Мы помолчали. Он размешивал сахар. Я грела руки о стакан. И ничего особенного не было в этом разговоре – два взрослых человека, оба уставшие от пятничного дня. Но мне было спокойно. Так, как не было давно.

– У вас красивая стрижка, – сказал Глеб.

– Спасибо. Я только что подстриглась.

– Видно. – Он чуть усмехнулся. – Вы трогаете волосы каждые тридцать секунд.

Я убрала руку. И засмеялась. А он засмеялся вместе со мной, и это было так легко, что я подумала: вот оно. Вот так это бывает. Не как в кино, не с музыкой и замедленной съёмкой. А вот так – с пятном от кофе на пальто и бумажной салфеткой с телефонным номером.

Мы просидели час. Потом ещё полчаса на улице, потому что кофейня закрывалась, а мы не договорили. Он рассказал, что разведён. Четыре года назад. Жена ушла, забрала кота. Он переехал, живёт один.

– Коробки до сих пор не все распаковал, – сказал он. – Вру себе, что руки не доходят. А на самом деле просто некуда ставить. Квартира маленькая, а вещей – на жизнь вдвоём.

Я кивнула. Понимала.

– А у вас? – спросил он осторожно.

– У меня – ничего, – сказала я. – Ни развода, ни кота. Просто тишина.

Он посмотрел на меня. Не с жалостью. С узнаванием. Как будто услышал что-то знакомое.

– Тишина – это не «ничего», – сказал он. – Это иногда хуже всего.

Мы обменялись номерами. Нормально, через телефон, не на салфетке. Хотя салфетку я не выбросила. Дома положила её на тумбочку у кровати. Номер, написанный синей шариковой ручкой, чуть расплылся от кофе. Но был читаемый.

Он написал в тот же вечер. «Как пальто? Пятно отошло?» Я ответила: «Пока замочила». Он прислал: «Тогда давайте завтра проверим вместе. Я знаю хорошую химчистку». И приписал улыбающийся смайлик.

Я лежала на диване и улыбалась в потолок. И ловила себя на том, что трогаю короткие волосы. Они были лёгкие. Непривычно лёгкие. Тридцать пять лет я чувствовала тяжесть на затылке – а теперь её не было. Как будто сняла рюкзак, который несла так долго, что забыла, каково без него.

***

Маме я позвонила через неделю. Не потому что боялась – потому что не знала, как сказать.

Она жила в пригороде, в доме, где в каждой комнате – иконки, подковы, пучки сухих трав над дверными проёмами. Мама верила во всё: в чёрных кошек, в рассыпанную соль, в разбитые зеркала. И в волосы. Особенно в волосы.

– Верочка, приезжай в субботу, – сказала она. – Я пирог испеку. Ты давно не была.

Я приехала в субботу. Вошла в дом. Сняла шапку.

Мама стояла в коридоре и смотрела на меня. Я видела, как менялось её лицо. Сначала улыбка – она всегда улыбалась, когда я приезжала. Потом удивление. Потом – что-то ледяное, неподвижное.

– Что ты сделала? – сказала она тихо.

– Мама, я подстриглась.

– Я вижу. Что ты наделала, Вера?

Она не кричала. Мама вообще никогда не кричала. Она понижала голос до шёпота, и от этого шёпота было страшнее, чем от крика.

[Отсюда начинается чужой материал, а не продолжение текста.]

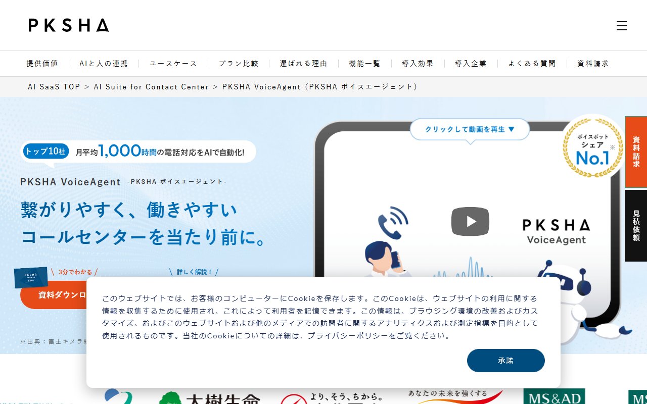 PKSHA VoiceAgentは、株式会社PKSHA Technologyが提供するコールセンターの電話対応をAIで自動化するボイスエージェントサービスです。音声認識市場でボイスボット売上シェアNo.1(市場シェア24.7%)を誇り、高精度な日本語音声認識と業界特有の専門用語にも対応しています。ノーコードで対話フローを作成できるため、非技術者でも自律的な音声応答シナリオを構築・改修できます。主要PBX/CTIシステムや外部データベースとの連携に対応し、インバウンドとアウトバウンドの双方に活用できます。24時間365日の無人対応を実現し、オペレーターの業務負荷軽減と顧客体験向上を同時に達成します。
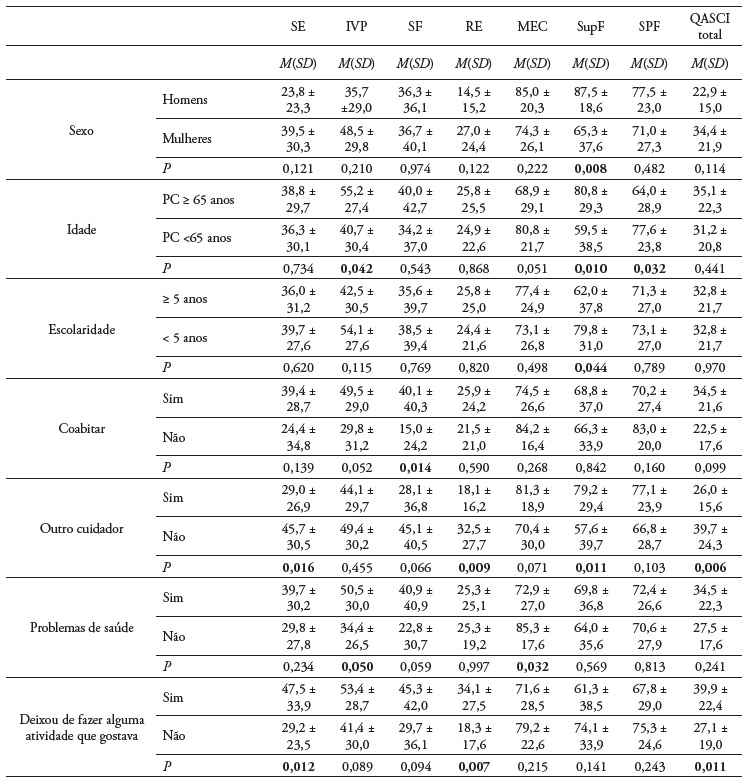O facto de existir outro cuidador comparando com um cuidador que não tem apoio de outro também apresenta diferenças estatísticas significativas na Sobrecarga emocional (t (70) = 2,457; p = 0,016), Reação a exigências (t (70) = 2,699; p = 0,009), Suporte familiar (t (70) = 2,615; p = 0,011) e no score total do QASCI (t (70) = 2,857; p = 0,006). Quem não tem o apoio de outro cuidador apresenta uma SE maior (45,7 ± 30,5), maior sobrecarga na Reação a exigências (32,5 ± 27,7) e maior sobrecarga no score total da escala (39,7 ± 24,3). Por outro lado, a presença de outro cuidador associa-se a um maior Suporte familiar (79,8 ± 29,4). Os resultados espelharam que os PC com problemas de saúde apresentam sobrecarga significativamente pior (t (70) = 2,216; p = 0,032), na dimensão de Mecanismos de eficácia e controlo (72,9 ± 27,0). Também o abandono de uma atividade significativa apresenta valores estatisticamente significativos quando comparados com quem não deixou de fazer uma atividade que gostasse na Sobrecarga emocional (t (70) = 2,590; p = 0,012), Reação a exigências (t (70) = 2,828; p = 0,007) e ao score total do QASCI (t (70) = 2,621; p = 0,011). Os PC que deixaram de realizar a atividade que gostavam revelam maior Sobrecarga emocional (47,5 ± 33,9), maior Reação a exigências (34,1 ± 27,5) e uma sobrecarga total superior (40,0 ± 22,4; Tabela 2).
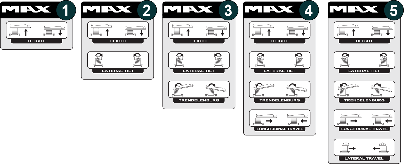 The Max table comes with standard 500 pound load rating, 2″ patient pad, 24″ wide top, locking swivel castors, narrow base for easy patient transfer, simultaneous motion movements and extremely low boarding height. Also with bellows, power input block & removeable power cord
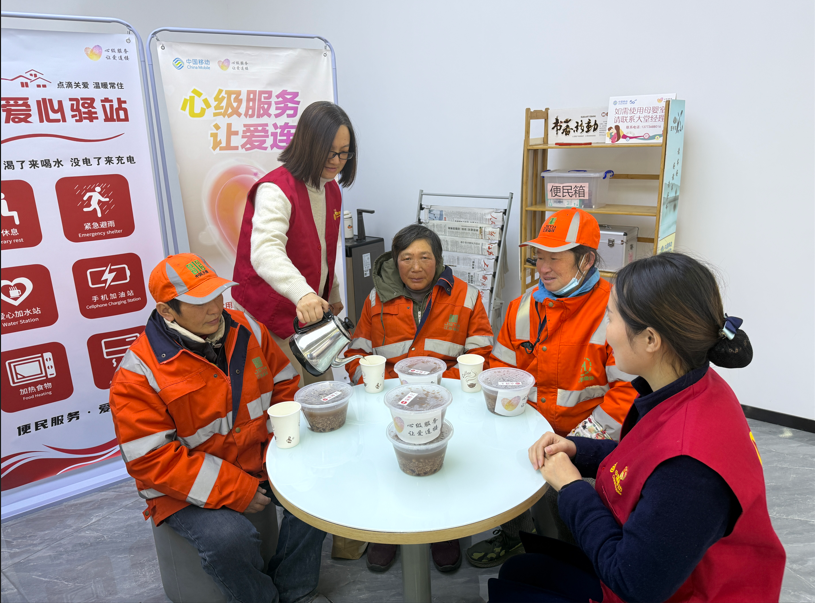 春节前夕,清晨五点半,环卫工人李阿姨在街头忙碌。经过服务厅时,她被值班经理请了进去:“阿姨,进来暖和下,喝碗八宝粥。”这里是厅里专设的“户外劳动者爱心驿站”——热粥、姜茶、充电器、休息椅,都是免费的。李阿姨捧着碗笑:“这碗粥下肚,整个人都热乎了。”等候的时间里,服务人员和她聊起近期常见的诈骗手法,帮她识别手机里的可疑信息。“多亏你们提醒”,李阿姨感慨,“不然真可能上当。”
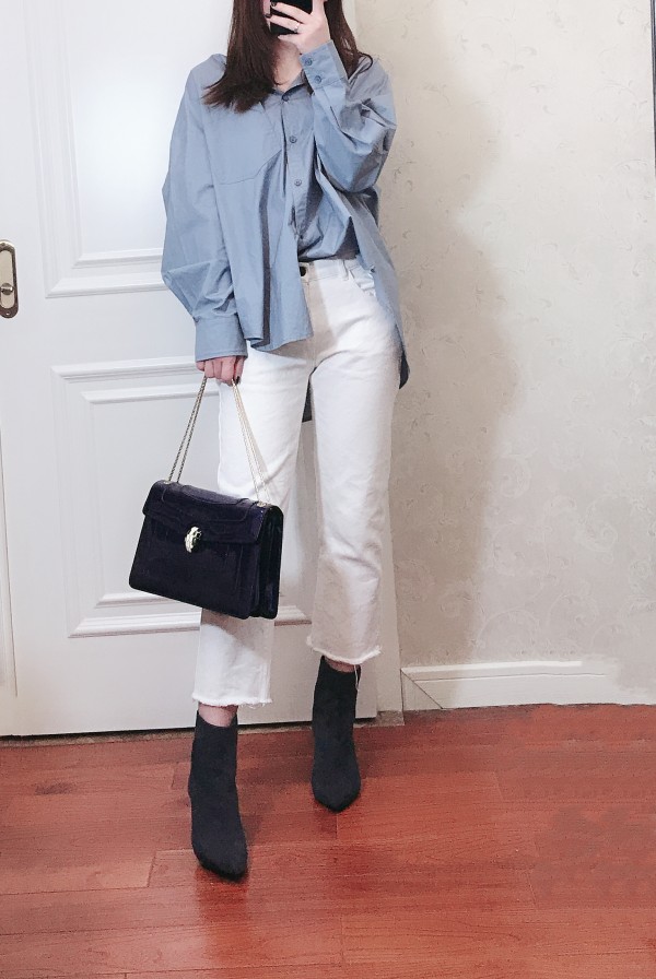 小姐姐,搭配的很有格调,气质好!好几双鞋子都好女人,喜欢,欣赏哈。特别喜欢白裤子蓝色衬衫那一套,蓝色衬衫什么牌子的,拜托小姐姐给链接噢(•ૢ⚈͒⌄⚈͒•ૢ)
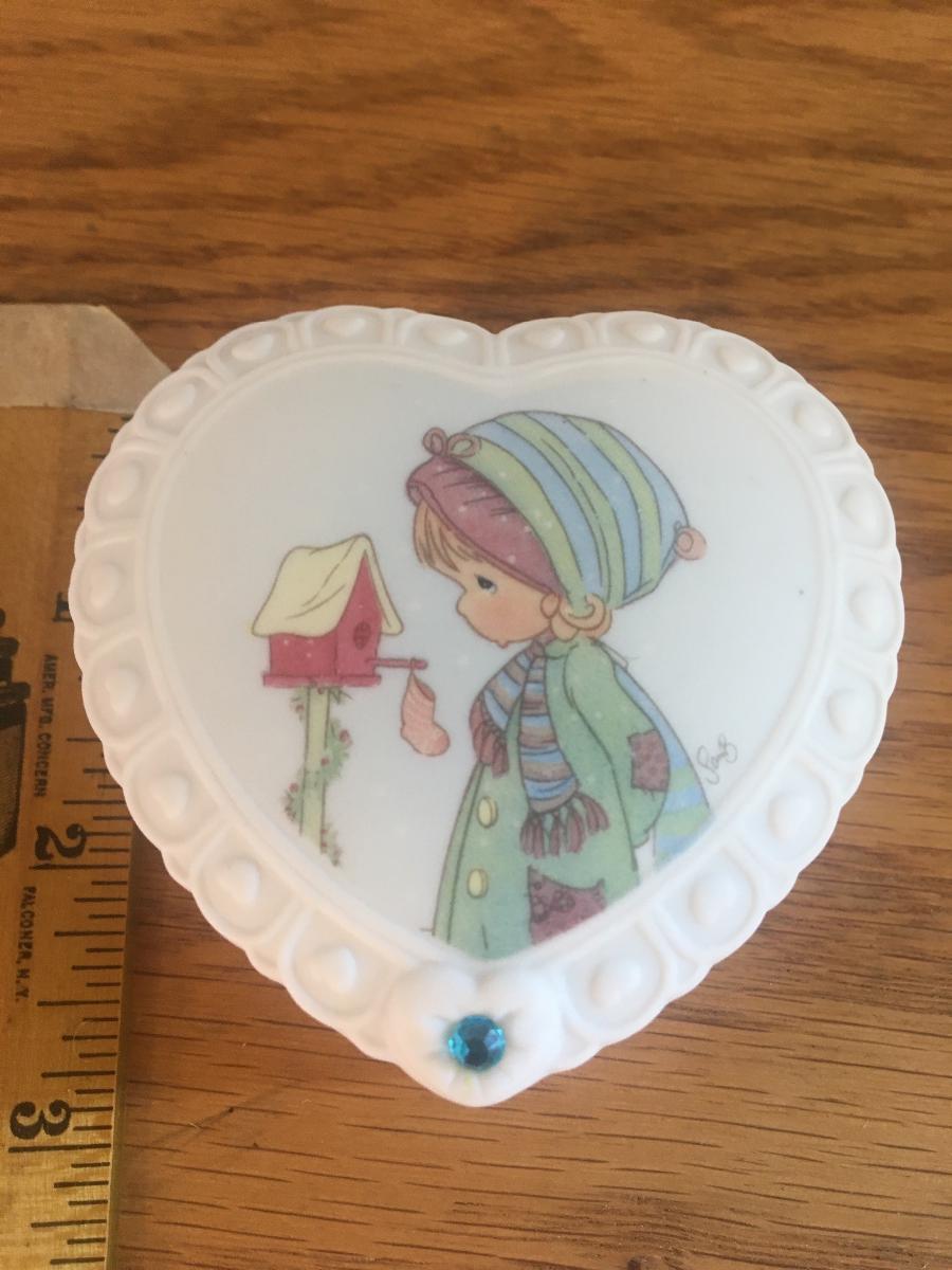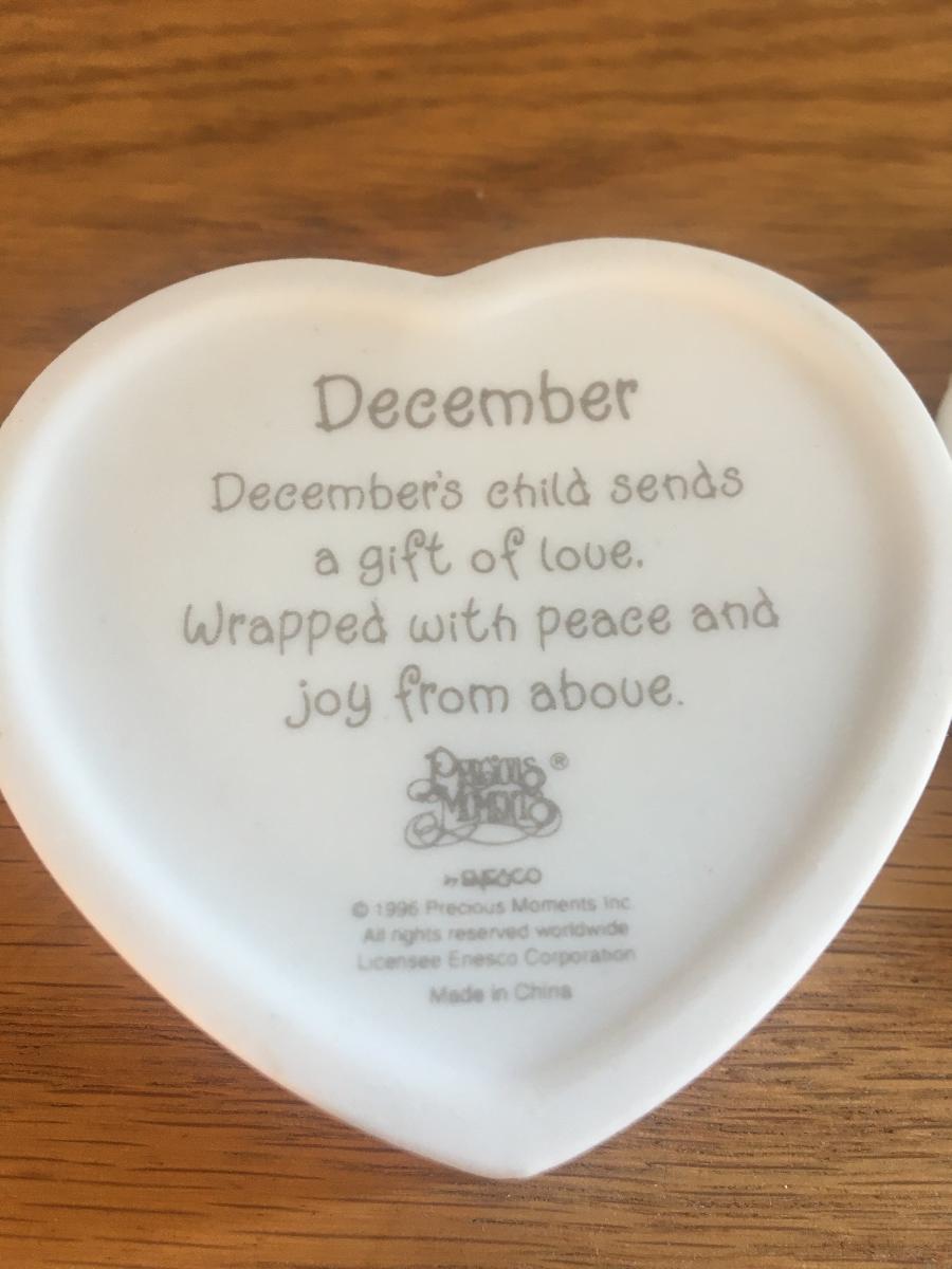 Precious Moments Trinket Box for the month of December. Cute little saying on the back of the heart.

– Ты всё испортила, – сказала она. – Я же тебе говорила. Всю жизнь говорила. Отрежешь – потеряешь.

– Мам, это просто волосы.

– Это не просто волосы! – И тут она повысила голос. Впервые за годы. – Это не «просто»! Ты думаешь, я выдумала? Ты думаешь, я тебе ерунду рассказывала?

Она тяжело села на табуретку в прихожей. Маленькая, в тёмном платье, застёгнутом под горло. Мелко дышала. Я опустилась перед ней на корточки.

– Мам.

– Я постриглась перед свадьбой, – сказала она. – Помнишь, я рассказывала? Модная была, дурная. Коса была – до колен. А я пошла и отрезала. Каре, как у тебя сейчас. И через год – отец ушёл.

Я помнила. Она повторяла это бесконечно. Как будто если произнести вполне много раз – это станет правдой. Не «отец ушёл к другой женщине, потому что был слабый и безответственный», а «отец ушёл, потому что я отрезала волосы».

– Мама, папа ушёл не из-за стрижки.

– Откуда ты знаешь? – Она подняла глаза. – Тебе и двух лет не было. Ты его не помнишь.

– Я помню, что ты рассказывала. А ты рассказывала, что он полгода жил на две семьи. Что у него была другая. Что он выбрал её.

– Да, – сказала мама. – Но это началось после того, как я постриглась. Сначала волосы. Потом – он.

Я молчала. Потому что с этим нельзя спорить. Это не аргумент – это вера. А с верой не спорят. Её можно только перерасти.

– Мне уже не двадцать, мам. У меня нет мужа. Нет детей. Нет даже кота. Коса была – а ничего не менялось. Я ждала. Как ты говорила – ждала. И никто не пришёл.

– Пришёл бы.

– Нет, мам. Не пришёл бы. Потому что я столько лет сидела и ждала, вместо того чтобы жить.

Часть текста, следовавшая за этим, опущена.